1- Dos pedidos de conversão do feito em diligência e de concessão de prazo:

A recorrente requereu a reabertura da instrução para que sejam oficiadas as agências bancárias de Ibirapuitã e solicitadas informações acerca da existência ou não de outras contas bancárias em nome dos recorridos e do Sr. Eder Lodi, além das informadas, assim como a abertura de prazo para análise dos extratos bancários juntados após a audiência de instrução (fl. 583).

No que concerne ao pedido de conversão do feito em diligência, conforme pacífico entendimento do egrégio TSE, “o art. 270 do Código Eleitoral permite a juntada de documentos na fase recursal perante os tribunais regionais eleitorais nas hipóteses de coação, fraude, uso de meios de que trata o art. 237 ou emprego de processo de propaganda ou captação de sufrágios” (ED em AR em RESPE n. 44208, Relator designado Min. João Otávio de Noronha DJE: 27.10.2015).

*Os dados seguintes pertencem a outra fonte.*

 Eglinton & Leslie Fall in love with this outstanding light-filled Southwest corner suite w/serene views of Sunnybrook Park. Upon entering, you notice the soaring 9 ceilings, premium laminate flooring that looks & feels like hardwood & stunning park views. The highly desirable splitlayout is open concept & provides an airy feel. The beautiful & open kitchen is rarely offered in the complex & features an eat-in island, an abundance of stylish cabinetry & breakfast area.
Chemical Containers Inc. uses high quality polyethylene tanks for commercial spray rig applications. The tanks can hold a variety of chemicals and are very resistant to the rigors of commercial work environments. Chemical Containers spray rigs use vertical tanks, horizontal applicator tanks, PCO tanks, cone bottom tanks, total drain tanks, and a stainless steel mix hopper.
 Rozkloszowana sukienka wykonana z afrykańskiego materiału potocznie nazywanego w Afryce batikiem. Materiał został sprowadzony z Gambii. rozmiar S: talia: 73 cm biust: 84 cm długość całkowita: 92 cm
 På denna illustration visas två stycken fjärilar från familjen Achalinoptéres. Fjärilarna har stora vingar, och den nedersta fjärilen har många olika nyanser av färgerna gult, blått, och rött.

Todavia, o dispositivo não desvirtua o curso normal da ação, segundo o qual a instrução probatória deve ser realizada no momento oportuno, perante o juízo de primeiro grau e antes da sentença. Assim, a produção de provas na fase recursal é medida excepcional.

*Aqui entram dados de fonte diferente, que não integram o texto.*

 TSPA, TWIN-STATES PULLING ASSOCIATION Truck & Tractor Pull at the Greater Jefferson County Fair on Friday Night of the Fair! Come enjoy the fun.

In casu, não há razões para o acolhimento do pleito da recorrente, conforme bem pontuou o nobre Procurador Regional Eleitoral (fl. 619 e v.):

O pedido de conversão do julgamento em diligência já fora analisado e afastado pelo magistrado à origem, in verbis:

Não há elementos nos autos que indiquem que os representados titularizem contas que não as subjacentes aos extratos acostados aos autos. Ademais, como adiante se verá, a eventual existência de outras contas não teria o condão de alterar o deslinde a ser dado ao feito. Indefiro, pois, o requerimento de que o feito seja convertido em diligência a fim de que sejam expedidos ofícios às agências bancárias de Ibirapuitã.

(Grifei.)

Já no que diz respeito ao pedido de concessão de prazo para análise dos extratos juntados aos autos após a audiência de instrução, melhor sorte não socorre à recorrente. Os documentos em questão vieram aos autos em 07.3.2017 (fl. 500), e as partes foram intimadas, por meio de nota de expediente publicada em 20.3.2017 (fl. 535), para apresentar alegações finais, o que efetivamente fizeram em 22.3.2017 (fls. 536-540 e 541-558) – restando claro que tiveram oportunidade de se manifestar acerca da documentação em questão.

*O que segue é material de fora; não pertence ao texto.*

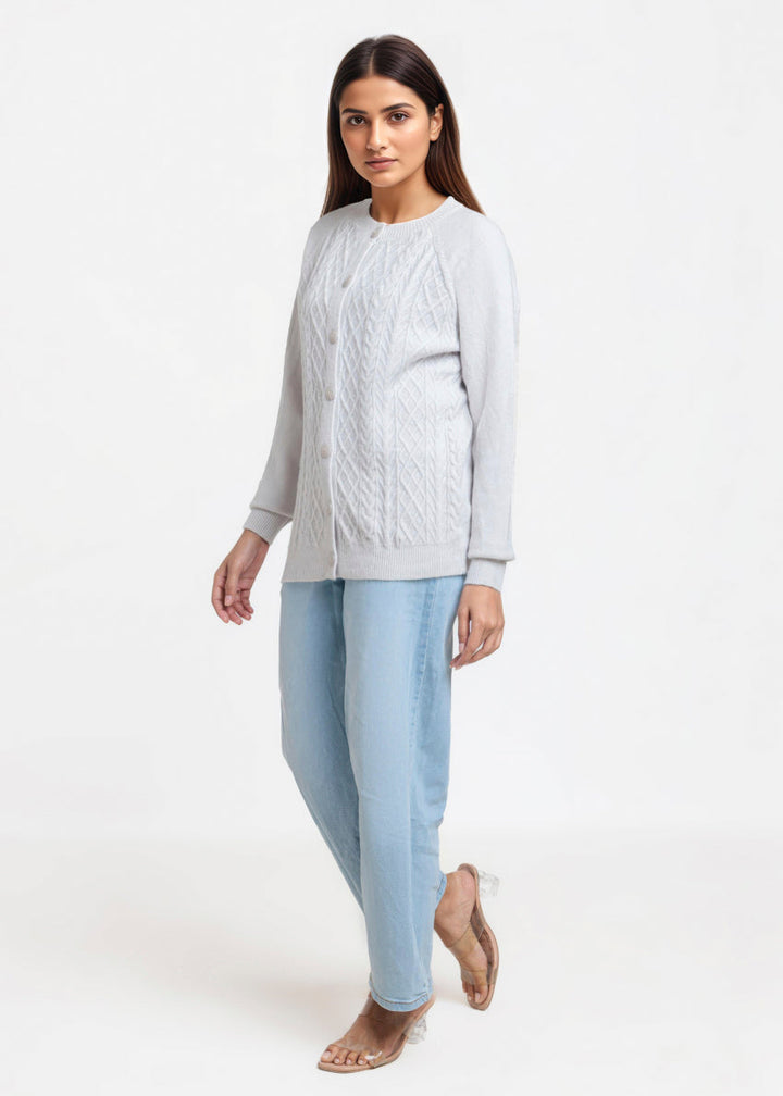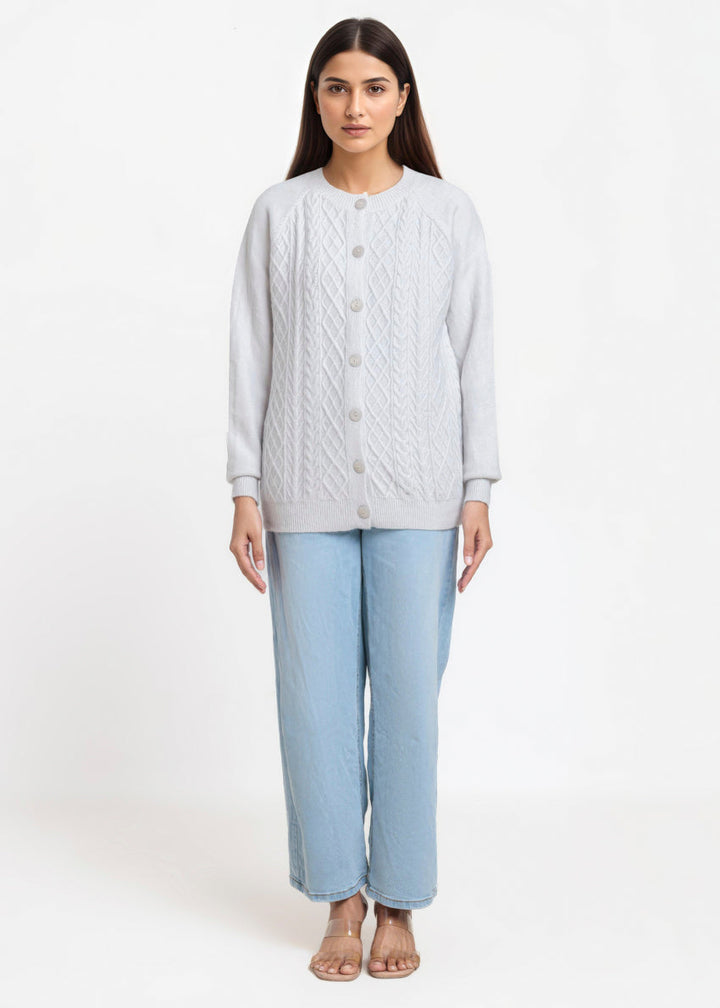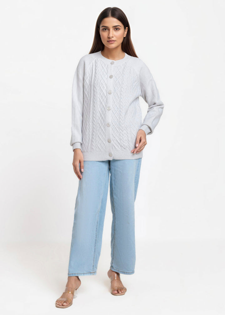 A-Grey-Round Neck Full Sleeves Cardigan Sweater (25Y-014-67)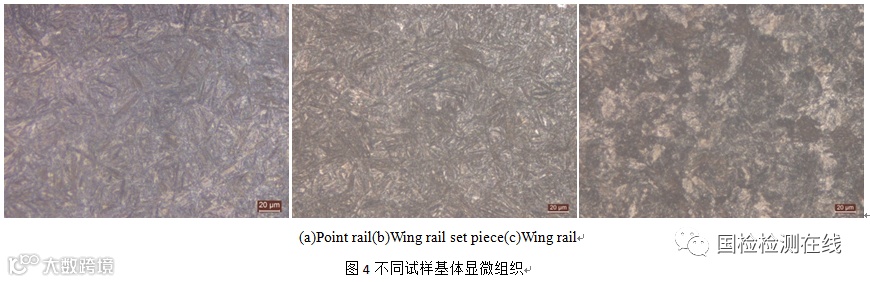 图2为心轨试样经4%硝酸酒精溶液腐蚀后的显微组织形貌,可见裂纹不同位置均存在WEC组织,该组织不是一个连续的整体,而是被微裂纹分割成大小不一的小块,尺寸与基体组织相近,WEC组织内未见其它明显组织结构特征,WEC与基体之间无明显过渡区,附近基体显微组织为针状贝氏体。图3为翼轨裂纹断口金相组织,同样在源区附近发现WEC组织。图4为不同试样的基体显微组织,心轨和翼轨镶块的组织相近,均为针状贝氏体(图4a和图4b),翼轨组织为细珠光体+少量铁素体(图4c),未见标准“TB/T 2344.1-2020”中规定的马氏体、贝氏体及晶界渗碳体等异常组织。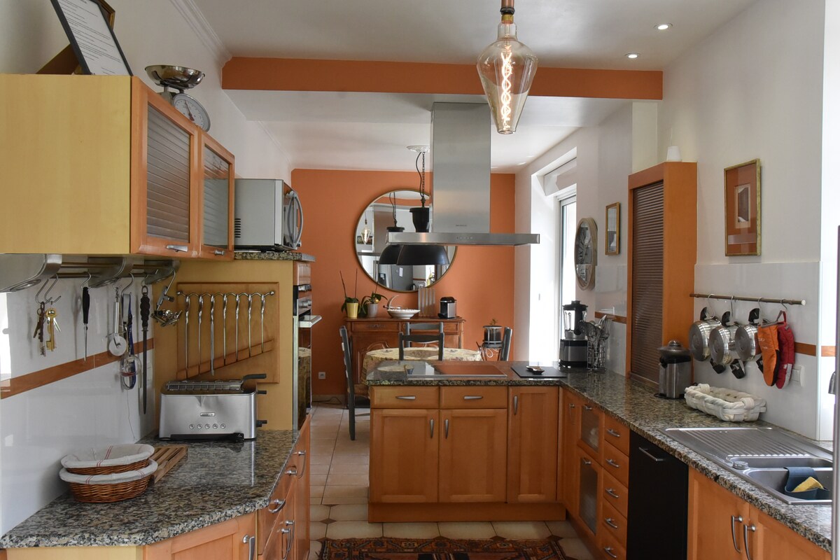 独立したメゾン、囲まれた庭と屋根付きテラス。 質の高い設備(調理器具付きのキッチン、新品の快適なラテックスマットレスなど)と快適さ(床暖房、薪ストーブなど)。 季節ごとの装飾とフリーマーケットのお宝! ジャグジーでリラックスしたひとときをお楽しみください!(3泊未満のご宿泊の場合はサービスに含まれません。現地でのご宿泊の場合は25ユーロのパッケージ料金がかかります)。 観光用家具の分類****(4つ星)、「シャルム・ブリタニー」。

Assim, porquanto regular o processamento do feito, e, inclusive, oportunizadas, pelo juízo de origem, a apresentação de manifestação e a juntada de documentos, entendo descabida a pretensão de reabertura de prazo para análise de documentos aos quais a parte já teve acesso.

Dessa forma, devem ser indeferidos ambos os pedidos – a conversão do feito em diligências e o pedido de concessão de prazo para análise dos referidos documentos -, prosseguindo-se o julgamento do recurso.

Destaco.

2- Preliminares de ofício:

2.1- Arregimentação de eleitores ou Boca de Urna:

De acordo com a recorrente, no dia da eleição, os representados utilizaram a sede do comitê eleitoral de campanha e dois estabelecimentos comerciais locais, um deles de propriedade do recorrido ROSEMAR, assim como ruas adjacentes aos referidos locais, para realizar a chamada “propaganda de boca de urna”, ocasionando o desequilíbrio do pleito.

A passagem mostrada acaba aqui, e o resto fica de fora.